Energy efficiency loan financing can be an attractive lending option for the banks. In the US, efficiency financing is proving to be a stable, low risk investment with low default rates and large-scale potential, a trend that leading US financial institutions are picking up on. In India, with an investment of $10 billion (Rs. 55,000 crores) in energy efficiency improvements, the economy could save more than 183.5 billion kilowatt hours of energy each year; this means the investment would be recovered in energy cost savings in the first year itself, assuming the lowest Indian tariff levels.

The Indian efficiency financing market holds immense untapped potential for banks and customers. Three key ways to accelerate the building energy efficiency market in India are as follows.

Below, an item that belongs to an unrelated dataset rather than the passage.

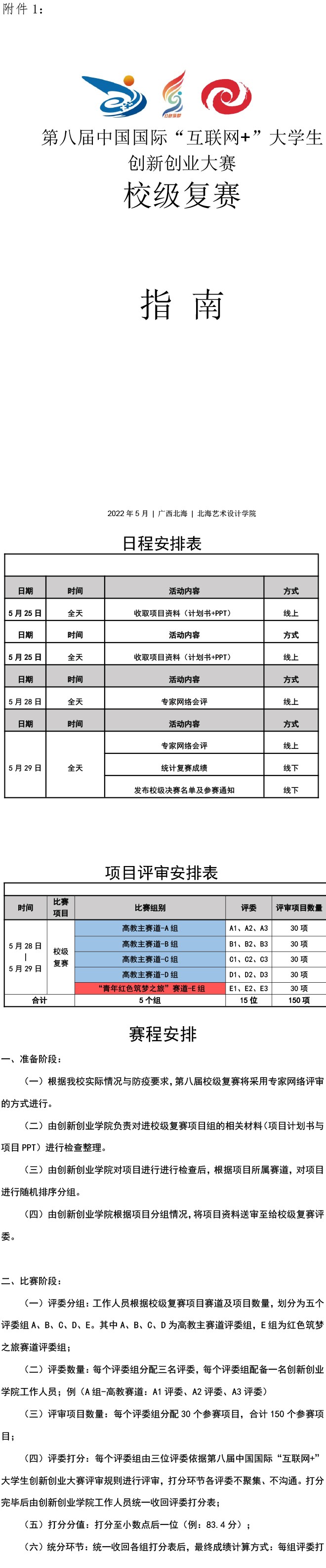 北海艺术设计学院第八届中国国际“互联网+”大学生创新创业大赛校级复赛入围名单公示与参赛通知

  • To kick start the market, the Bureau of Energy Efficiency’s Partial Risk Guarantee Fund, which lowers the banker’s risk of lending to clients for efficiency improvements, should be used to showcase successful projects. This will increase banker confidence in repayment of the loan by the customer. Banker confidence is important because, once installed, an efficiency measure (or “asset”) cannot be reused or resold and thus banks are hesitant to venture into this new market opportunity of unsecured lending.
  • Lenders and real estate developers should look for opportunities to aggregate energy efficiency projects to meet the project size requirements of banks. Currently the real estate market in India is fragmented, which limits efficiency projects from reaping the benefits of economies of scale. With a fragmented market, small-scale efficiency projects can have high transaction costs and may not qualify for financing because commercial banks have minimum levels of project size. Energy efficiency aggregator and energy service companies (ESCOs) can help create portfolios of efficiency projects for banks to invest in.
  • Thirdly, a concerted effort among champion real estate developers who implement energy efficiency, power utilities, energy efficiency service and technology providers, and financial institutions is needed to increase awareness among consumers about the benefits of implementing advanced energy efficiency measures.

While efficiency measures can help reduce energy consumption and help avoid catastrophic events like last week’s power outages, the market for energy efficiency in India is still in its early stages. Banks and financial institutions are thus crucial to catalyzing efficient building construction. With the opening of India’s real estate market to Foreign Direct Investment in 2005, new opportunities for efficiency financing are available to real estate developers. Financial institutions need to take the lead in working with developers to create innovative finance products for energy efficiency, thus allowing India’s energy efficiency finance sector to realize its potential while reducing energy consumption and costs for all stakeholders.